Nach einem kurzen Beginners Guide musste ich mich dann für eine Seite entscheiden. Die Frage hiess Enlighted (Frosch) oder Resistance (Schlumpf) und irgendwie gefiel mir das Wort Resistance besser und so wurde ich ein Schlumpf. Man muss dazu wissen, dass Enlighted im Spiel grün ist und die Resistance blau, daher auch die komischen Namen.
Ich will das Spiel jetzt nicht lang erklären, dazu gibt es genug andere Seiten im Netz. Ich verweise wie alle Ingress-Artikel auf die deutsche Standard-Anleitung “How not to suck at Ingress“, bestimmt eines der meistgelesenen Gdrive Dokumente Deutschlands, denn inzwischen spricht man von ungefähr einer Million Spieler weltweit.
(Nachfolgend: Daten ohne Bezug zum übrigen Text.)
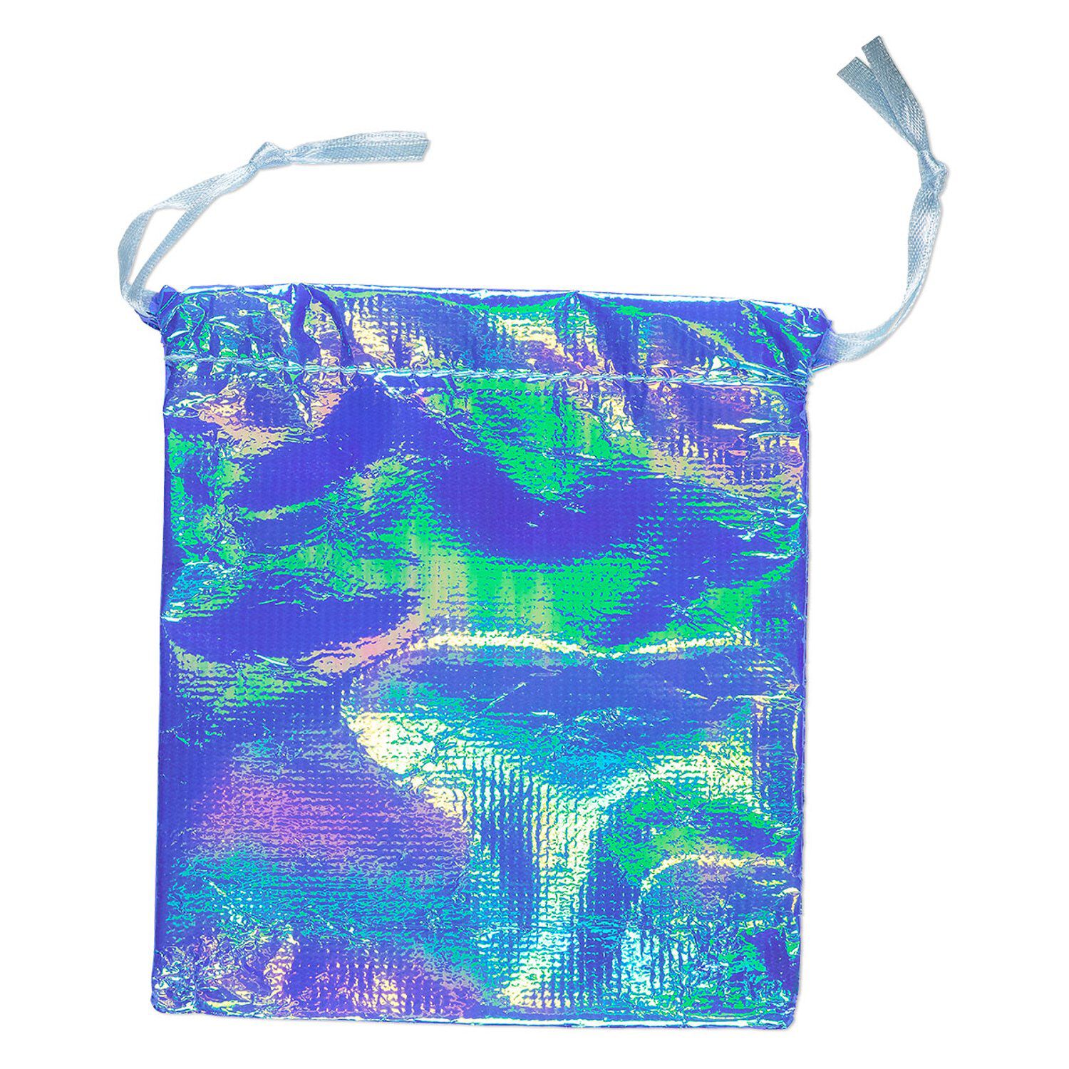 Gift pouch, satin, fluorescent blue, 4-1/2 x 4 inches with drawstring. Sold per pkg of 12.

Ingress teilt die Welt in zwei Lager und auf einer GoogleMaps ähnlichen Karte von der Welt muss man Portale (meist sind das bekannte Orte, wie Denkmäler, Statuen, historische Gebäude, öffentliche Orte oder auch Vodafone Shops) besuchen um diese zu “hacken”. Dann bekommt man Punkte und Gegenstände, damit kann man dann besser hacken und sich langsam hochspielen. Von Level 1 bis Level 8 geht das Spiel und dann ist vorerst das Ende erreicht. Man kann dann zwar weiterspielen, aber nicht mehr aufsteigen. Für Level 8 braucht man ohne Hilfe ungefähr 4-12 Wochen, wenn man täglich eine Stunde spielt. Das sind aber nur ungefähre Angaben, denn es kommt natürlich auf die Portal-Dichte in der Umgebung an. Bei uns auf dem Hochschulcampus gibt es ca 25 Portale, da geht das sehr schnell. Wohnt man jedoch auf einem Dorf und arbeitet auch dort, kann das aber sehr sehr lange dauern. mit anderen Worten, Ingress ist ein Stadtspiel.
Aber was macht die Faszination von Ingress aus?
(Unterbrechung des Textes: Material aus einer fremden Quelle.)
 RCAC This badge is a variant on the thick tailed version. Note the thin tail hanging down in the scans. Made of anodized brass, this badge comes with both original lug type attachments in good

Ingress hat mehrere geniale Ideen vereint:
- Man muss sich draussen bewegen. Man kann ein Portal nur haken, wenn man mindestens auf 40 Meter Entfernung ist. Außerdem sind die Portale mit Bild im Spiel abgebildet, z.B. das Brandenburger Tor oder die Reeperbahn, der Kölner Dom etc. und es gibt tolle Näherungsgeräusche (man sollte das Spiel auch mit Kopfhörer spielen, sonst wird man peinlich von Passanten (Muggels) angeschaut).
- Ab Level 4 kommt man nicht mehr alleine weiter. Um höhere Portale zu bauen braucht man bis zu 8 andere Personen. Man muss sich also vernetzen, damit man stärker wird.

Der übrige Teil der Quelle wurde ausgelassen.